How does this sound; using urine, the most abundant waste on earth, as the new fuel source? And, to catch two birds with one stone, it helps clean-up municipal wastewater at the same time. Urine-powered cars should be available in six months according to scientists from the Ohio University, who developed an electrolysis method to retrieve hydrogen from urine collected from livestock.
Hydrogen fuel cells are one the cleanest burning fuels ever developed. Hydrogen was, until now, taken out of water and then put into fuel cells as a gas that can power a vehicle. The only emission that is said to come out of this fuel cell powered vehicle is water vapor. Urine’s major constituent is urea, which incorporates four hydrogen atoms per molecule – importantly, less tightly bonded than the hydrogen atoms in water molecules. By placing a special nickel electrode into a pool of urine and applying an electrical current, hydrogen gas is released. Once the urea is removed from the waste pool, a farm is left with water that is significantly less polluted than it was, with irrigation as one possible use.
One of the hurdles facing this alternative fuel source is that hydrogen gas requires high pressure and low temperatures to be stored.

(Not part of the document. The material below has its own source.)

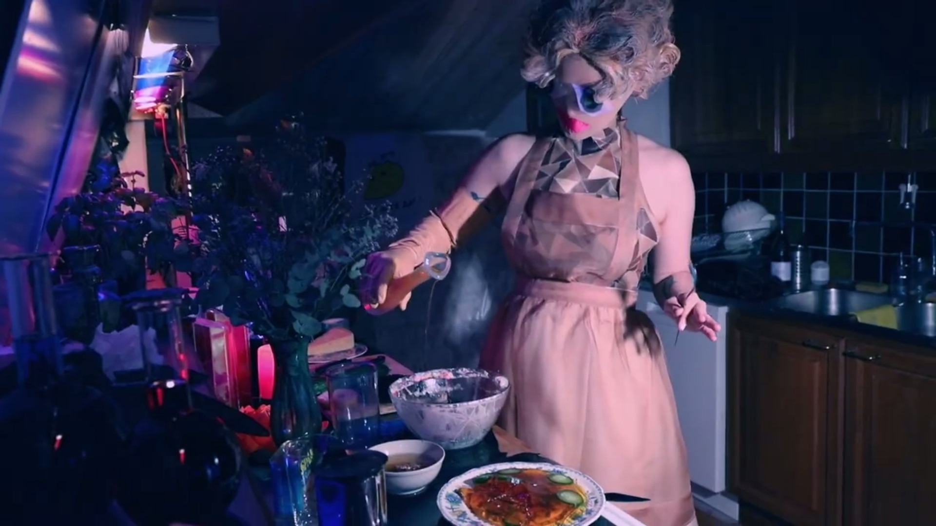 The first video (above) like some kind of demonic Food Network show, backed by Shaking The Habitual's "Networking". It's unclear exactly what's being concocted, but one of the ingredients is the creepy beak mask that's popped up a lot during the history of The Knife and Karin Dreijer's side gig Fever Ray.

It becomes somewhat easier to store when it’s binded back to oxygen to create water, but even then it still requires large amounts of electricity to be released. The Ohio University scientists who developed the urine technology found that attaching hydrogen to nitrogen in urine allowed it to be stored without the strict requirements of ordinary hydrogen, and allowed it to be released with less electricity (0.037 volts versus 1.23 volts needed for water). A fuel cell, urine-powered vehicle could theoretically travel 90 miles per gallon according to the Ohio scientists.
Some argue that hydrogen-fueled cars won’t offer a cost-effective way to reduce automotive air pollution or reduce
emissions of climate-changing carbon dioxide gas for at least several decades. Environmental scientist David Keith is one of them. He doesn’t oppose the use of hydrogen fuel cells but argues saying it makes far more sense to first use this fuel in ships, trains and large trucks rather than cars. Such uses could achieve large reductions in air pollution without the need for the extensive hydrogen distribution infrastructure which would be required for refueling automobiles. Such an infrastructure is very expensive (approx $5.000 per vehicle or more), according to the researchers’ work. Also around 10-20% of the hydrogen would escape into the atmosphere. He says that if hydrogen fuel cells replaced all of today’s oil and gas-based combustion technologies, such losses would double or even triple the total hydrogen deposited into the atmosphere at the Earth’s surface.
Other researchers say that the use of hydrogen on large scale would oxidize when reaching the stratosphere, which would cool the stratosphere and create more clouds and, in effect, making the holes in the ozone layer larger and longer lasting. However it is not yet known on what scale this process will take place and there is also uncertainty how soil absorbs hydrogen from the atmosphere. The bottom line is that hydrogen could still be considered the far better option when it comes to competing with the toxic elements that are released into the air with gasoline burning cars. It might have its downsides but weighed against all the positives, they don’t seem to stand a chance.
It seems like we have a winner here.